# WHAT NEEDS TO BE DONE
Extract, exactly as written, each line from the start of the records below to the line containing "5月19日,重慶警方發(fā", both ends included; drop the pictures.

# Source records
BEGIN

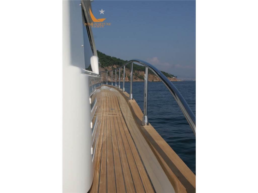 Ancora (in acciaio), Autoclave, Batterie, Bussola, Camminamenti laterali in teak, Caricabatterie, Contametri catena, Doccia esterna, Doppia timoneria, Ecoscandaglio, Elica di poppa - stern thruster (con batteria dedicata e stacca batteria,), Elica di prua - bow thruster, Flap idraulici, GPS, Impianto antincendio, Luci di navigazione, Passerella (idraulica), Piattaforma (da bagno porta tender), Pilota automatico, Plotter, Pompa di sentina automatica, Pompa di sentina manuale, Porta ingresso, Pozzetto Teak, Presa 220V banchina, Quadro comandi, Radio VHF, Salpa Ancore Elettrico, Scaletta da bagno
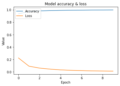 plt.legend(['Accuracy', 'Loss'], loc='upper left')
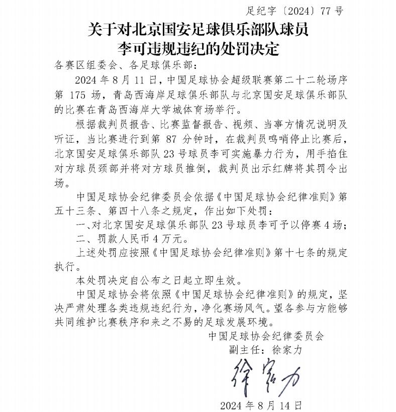 关于对北京国安足球俱乐部队球员李可违规违纪的处罚决定
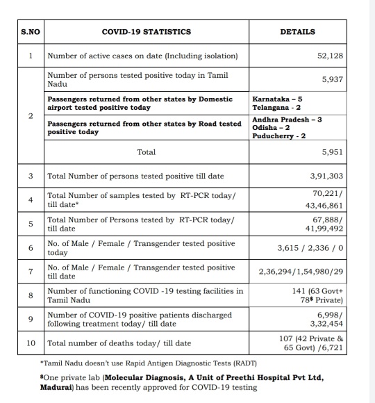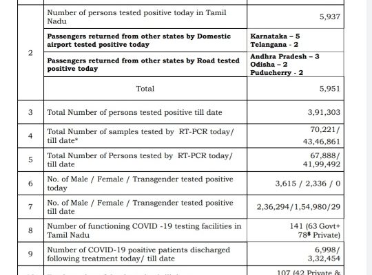 MADURAI: The total number of persons tested COVID-19 positive in Tamil Nadu till date is 3,91,303. A media bulletin on Corona positive statistics was released by the Health and Family Welfare Department of Government of Tamil Nadu today evening- on 25th August 2020.
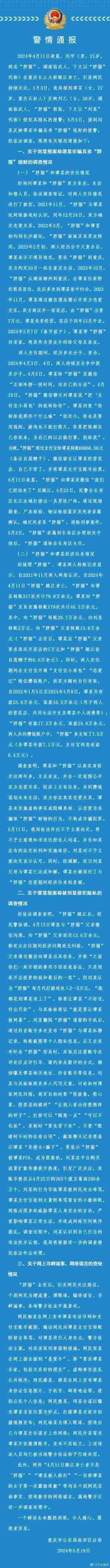 5月19日,重慶警方發(fā)布關(guān)于劉某(男,21歲,網(wǎng)名“胖貓”)在重慶長江大橋跳江身亡事件相關(guān)情況的通報(bào)。通報(bào)詳情如下:
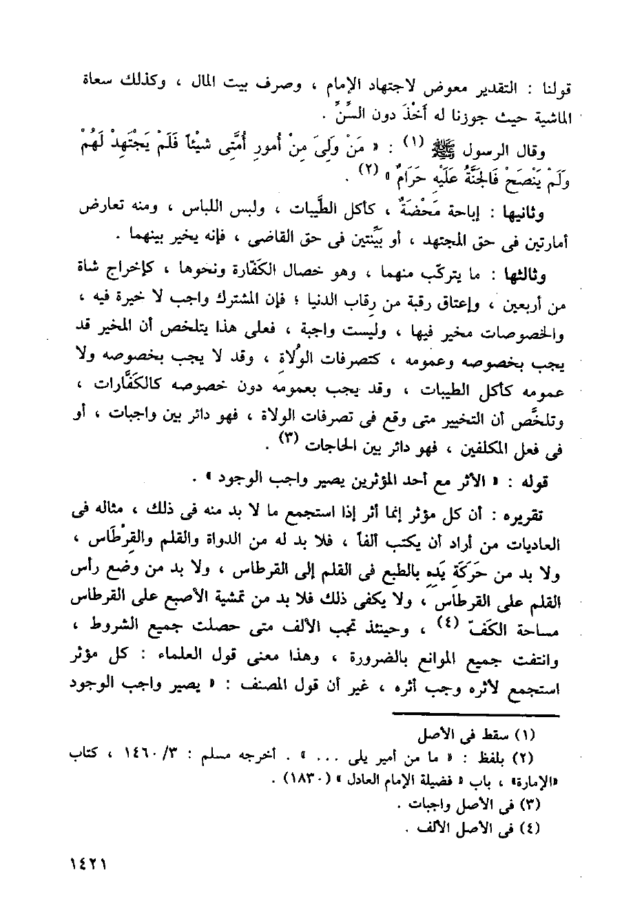 وثالثها: ما يتركب منهما، وهو خصال الكفارة ونحوها، كإخراج شاة من زربعين، ورعتقا رقبة من رقاب الدنيا؛ فإن المشترك واجب لا خيرة فيه، والخصوصات مخير فيها، وليست واجبة، فعلى هذا يتلخص أن المخير قد يوجب بخصوصه مخير فيها، وليست واجبة، فعلى هذا يتلخص أن المخير قد يجب بخصوصه وعمومه، كتصرفات الولاة. وقد لا يجب بخصوصه ولا عمومه كأكل الطيبات، وقد يجب بعمومه دون خصوصه كالكفارات، وتلخص أن التخيير متى وقع في تصرفات الولاة، فهو دائر بين واجبات، أو في فعل المكلفين، فهو دائر بين الحاجات.

END

# WRITTEN RESPONSE
 Ancora (in acciaio), Autoclave, Batterie, Bussola, Camminamenti laterali in teak, Caricabatterie, Contametri catena, Doccia esterna, Doppia timoneria, Ecoscandaglio, Elica di poppa - stern thruster (con batteria dedicata e stacca batteria,), Elica di prua - bow thruster, Flap idraulici, GPS, Impianto antincendio, Luci di navigazione, Passerella (idraulica), Piattaforma (da bagno porta tender), Pilota automatico, Plotter, Pompa di sentina automatica, Pompa di sentina manuale, Porta ingresso, Pozzetto Teak, Presa 220V banchina, Quadro comandi, Radio VHF, Salpa Ancore Elettrico, Scaletta da bagno
 plt.legend(['Accuracy', 'Loss'], loc='upper left')
 关于对北京国安足球俱乐部队球员李可违规违纪的处罚决定
 MADURAI: The total number of persons tested COVID-19 positive in Tamil Nadu till date is 3,91,303. A media bulletin on Corona positive statistics was released by the Health and Family Welfare Department of Government of Tamil Nadu today evening- on 25th August 2020.
 5月19日,重慶警方發(fā)布關(guān)于劉某(男,21歲,網(wǎng)名“胖貓”)在重慶長江大橋跳江身亡事件相關(guān)情況的通報(bào)。通報(bào)詳情如下:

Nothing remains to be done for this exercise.